Objective: The purpose of the present study was to examine the following during radiofrequency ablation (RFA): (1) the risk of hemorrhage from intrapulmonary large vessels; (2) the risk of incomplete ablation of pulmonary tumors; and (3) the late effect on lung tissue.
Materials and methods: A 17-gauge, cool-tip-type radiofrequency electrode was used. The damage to the vessels and bronchi was examined by the injection of a colored silicone rubber, a liquid compound that hardens after injection. To examine the risk of hemorrhage from intrapulmonary large vessels, RFA was conducted at eight sites near the central pulmonary vessels in two swine. To examine the risk of an incomplete ablation for pulmonary tumors, 10 pulmonary nodules were made from a gelatin mixture in another two swine and were treated by RFA. To examine the late effect on lung tissue, RFA was conducted on the peripheral lung in 10 rabbits, and then the ablated regions were examined on days 1, 7, 14, 21, and 28 after RFA.

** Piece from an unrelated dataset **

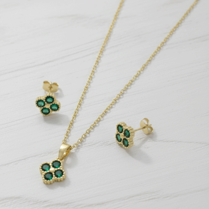 Juego de cadena, dije y aretes bañados en oro con diseño trébol y cristales verdes. Elegante, fresco y lleno de estilo.

Results: The use of colored silicone rubber enabled us to examine the intrapulmonary vessels and bronchi for opening and leakage. RFA did not damage the large intrapulmonary vessels, even when they were located within the ablated regions. Lung tissue surrounding the gelatin nodules was hardly ablated over its entire circumference. Six of 10 gelatin nodules (60%) showed nonablated areas on the peripheral edges of the nodules. From 21 days after RFA, the ablated rabbit lung formed noninfectious cavities by communicating with the surrounding bronchi.

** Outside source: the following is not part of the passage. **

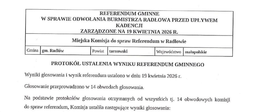 Miejska Komisja do spraw Referendum w Radłowie po zakończeniu swojej pracy opublikowała protokół ustalenia wyniku referendum gminnego (jest on dostępny w Biuletynie Informacji Publicznej Urzędu Miejskiego w Radłowie).

Conclusion: It was improbable for hemorrhage to occur even when RFA was conducted near the large intrapulmonary large vessels. Because an incomplete ablation that left tumor cells at the site of ablation could occur during surgery due to the difficulty of ablating the entire tumor circumference, CT scan-guided RFA would be preferable to a surgical approach for making a safe margin. Cavity formation can occur beginning 21 days after RFA, which should be carefully followed up in a clinical setting to identify infection, especially in immunocompromised patients.